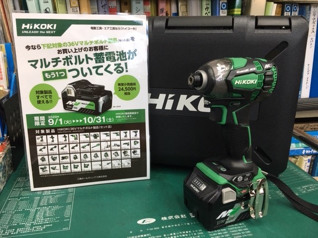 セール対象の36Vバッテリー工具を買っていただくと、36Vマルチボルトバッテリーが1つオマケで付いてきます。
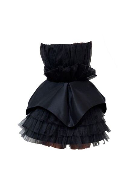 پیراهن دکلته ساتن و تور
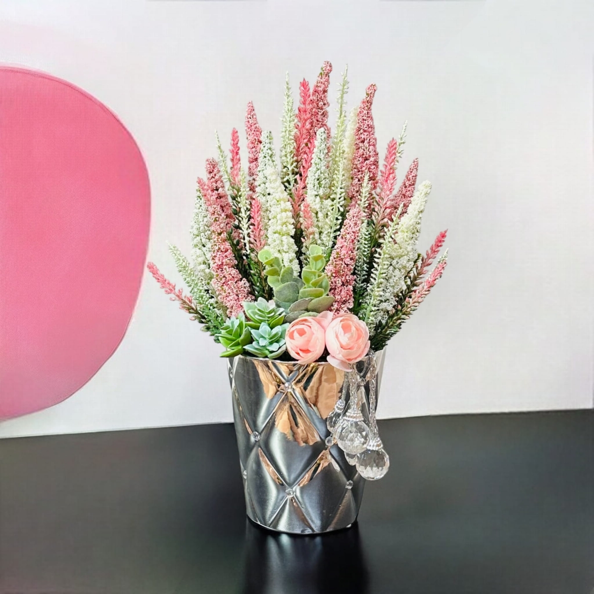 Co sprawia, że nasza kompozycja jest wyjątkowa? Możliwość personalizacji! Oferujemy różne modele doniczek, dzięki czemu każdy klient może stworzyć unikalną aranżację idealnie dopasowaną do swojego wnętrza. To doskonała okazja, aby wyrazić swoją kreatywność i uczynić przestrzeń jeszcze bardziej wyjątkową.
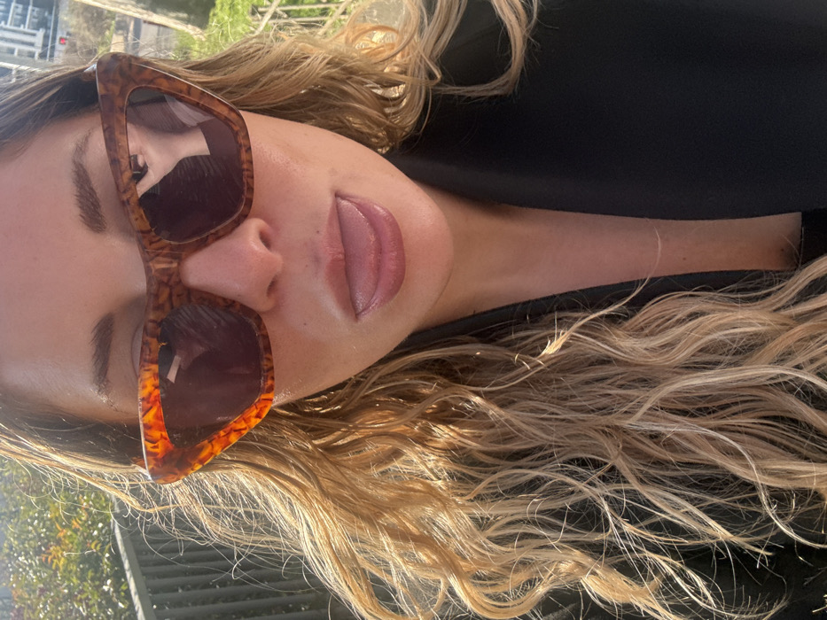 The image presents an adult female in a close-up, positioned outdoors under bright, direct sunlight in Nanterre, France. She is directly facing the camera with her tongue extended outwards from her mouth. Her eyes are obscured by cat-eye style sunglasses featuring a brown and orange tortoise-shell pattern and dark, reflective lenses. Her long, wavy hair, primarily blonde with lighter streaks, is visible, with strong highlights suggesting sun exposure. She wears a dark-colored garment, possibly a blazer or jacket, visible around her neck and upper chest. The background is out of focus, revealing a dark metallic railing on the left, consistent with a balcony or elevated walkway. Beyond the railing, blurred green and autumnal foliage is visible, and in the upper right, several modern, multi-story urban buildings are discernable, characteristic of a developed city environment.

---

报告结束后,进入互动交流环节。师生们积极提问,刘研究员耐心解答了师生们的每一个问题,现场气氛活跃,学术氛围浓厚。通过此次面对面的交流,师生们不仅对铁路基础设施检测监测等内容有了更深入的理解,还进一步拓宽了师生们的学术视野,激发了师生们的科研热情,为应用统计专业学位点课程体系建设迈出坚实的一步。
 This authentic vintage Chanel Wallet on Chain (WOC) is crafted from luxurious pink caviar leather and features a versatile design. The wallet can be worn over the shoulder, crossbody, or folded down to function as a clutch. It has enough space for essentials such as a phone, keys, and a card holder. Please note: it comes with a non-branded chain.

## Work task
Your answer must be everything above from the line with "セール対象の36Vバッテリー" down to the line with "پیراهن دکلته ساتن و تور", word for word, and no pictures.

## Answer to the problem
 セール対象の36Vバッテリー工具を買っていただくと、36Vマルチボルトバッテリーが1つオマケで付いてきます。
 پیراهن دکلته ساتن و تور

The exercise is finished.